Only, they started happening more frequently, and the occasional sinus infection would get thrown in for good measure. At one point I said to my then PCP, "There's something wrong with me that you're not figuring out. I shouldn't be getting sick all the time like this." I saw specialists. Being a gay man, the ID doc (a woman) concluded that I must have been testing false negatives for HIV. This would happen again a number of years later. For any physicians who may be reading this, let me state for the record, this is a really shitty thing to do to a patient, and it really fucks with one's head. Groopman talks about how physicians see patterns; look for patterns; and sometime try to make patterns that don't quite fit, because that's how it 'should' be and the odds/probability says it should be that way. I used to joke that I was a walking CPC; that I was the sickest non-immuno-compromised person I know. My HIV+ friends were healthier than me. (The joke was on me.)

In May of 1997, I had surgery on my R should (acromioplasty, and removal of bone spurs on my clavical, and some minor repair to the rotator cuff). The recovery went bad. I developed adhesions. At the time I was on an HMO. When I had my first meeting with the surgeon ("L"), I didn't like him. I told my PCP ("H"). He would not make a referral to anyone else as "this is best surgeon in the city". I knew who I wanted. It wasn't this guy. I wanted a sports med orthopaedic surgeon doc ("B") that I knew and who had done some programs for me. The PCP would not acquiesce. At that point in time, I (foolishly) trusted the PCP. ALWAYS TRUST YOUR GUT INSTINCT! It's your health they're screwing with. When I went for follow-ups, I told the surgeon, "Something is not right." I was not intimating that he did something wrong, but that I wasn't healing the way I should be. First, it was going way too slowly. The general anesthesia seemed have hold over effects. I was lethargic, range of motion was not where it should be, and I was still in a lot of pain. He tried to tell me it was sympathetic reflex syndrome.
The day the proverbial shit hit the fan was when I saw the surgeon "L" again. He agreed that maybe something was not right and wanted to get some films and run more tests. Without going into detail, the next day when I see my PCP "H", the surgeon "L" told him the antithesis of what my conversation with him "L" had been. By this point I was sufficiently pissed. I was on the phone with the insurance co. [side note: Let me state for the record they were some of the biggest assholes I've ever had the displeasure of dealing with. Despite their name, they were anything but humane). They don't like people who know healthcare and how to navigate the system.

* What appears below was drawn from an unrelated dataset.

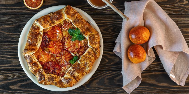 Rustykalne galette z migdałowym frangipane i czerwonymi pomarańczami

As frustrated and pissed as I was, I couldn't help but think of the majority of the population who DON'T know how to navigate the system, and get screwed by insurance.] Additionally, the customer service (and I use this monkier loosely) was nothing short of a rude bitch. I had never been treated so dismissively rude by someone who's job is to deal with the public and 'customers' of that institution. Again, she didn't like people who know how to navigate the healthcare system, and who refuse to be duped. I filed a formal complaint with the hospital and the IL Dept. of Insurance. I'm not one to casually do something like that.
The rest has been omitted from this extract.